Kevin bersyukur dengan sikap tak memaksa Nyonya Clark. Beliau pergi dari hadapan Kevin. Sedangkan Kevin melihat anak lainnya yang mengintip.

"Apa yang kalian lakukan disitu?"

Ditanya seperti itu, mereka keluar dari persembunyian setelah memastikan Nyonya Clark pergi.

"Apa kak Kevin akan dibawa pergi?" Salah satu dari mereka bertanya.

Kevin terkesiap, "Bagaimana kalian bisa tahu?"

"Bukankah itu sudah jelas." Jessie menjawab.

"Baiklah, lelaki itu memang ingin mengadopsi aku, tapi aku menolak."

"Eh? Kenapa?" Keterkejutan tampak jelas di wajah mereka.

"Yah, karena aku tak mau." Mereka cemberut mendengar alasan Kevin.

"Alasannya?!" seru mereka. Menolak tentu saja artinya tak mau.

"Hehe, bagaimana mungkin aku akan meninggalkan adik-adikku yang merepotkan ini?" Kevin mencubit pipi anak-anak yang dapat dijangkaunya.

Mereka ikut senang setelah mendengar itu walau mereka disebut merepotkan.

Setidaknya mereka tetap masih bisa merasa tenang karena Kevin menolak pergi.

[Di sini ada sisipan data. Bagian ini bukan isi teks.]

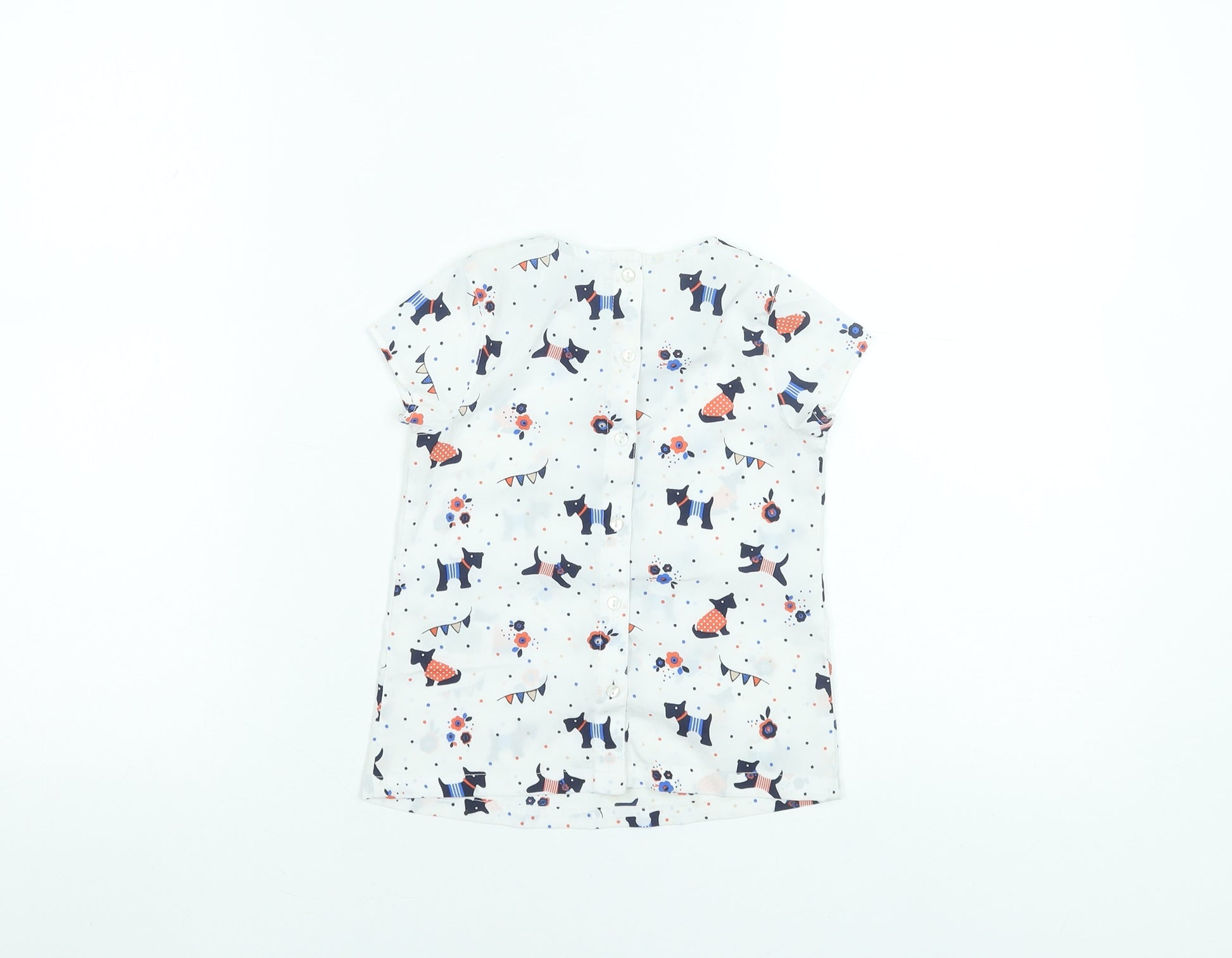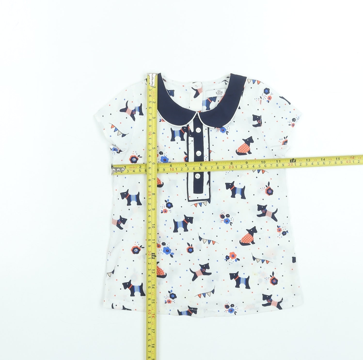 Girls White Dog Print Short Sleeve Blouse 3-4 Years

Tapi siapa yang tahu apa yang akan terjadi ketika Albert datang kembali?

*****

Dokter Claudia menjelaskan tentang kondisi Diana saat ini. David dengan perhatian penuh memperhatikan semua yang dikatakan. Setelah selesai, David pamit setelah berterimakasih.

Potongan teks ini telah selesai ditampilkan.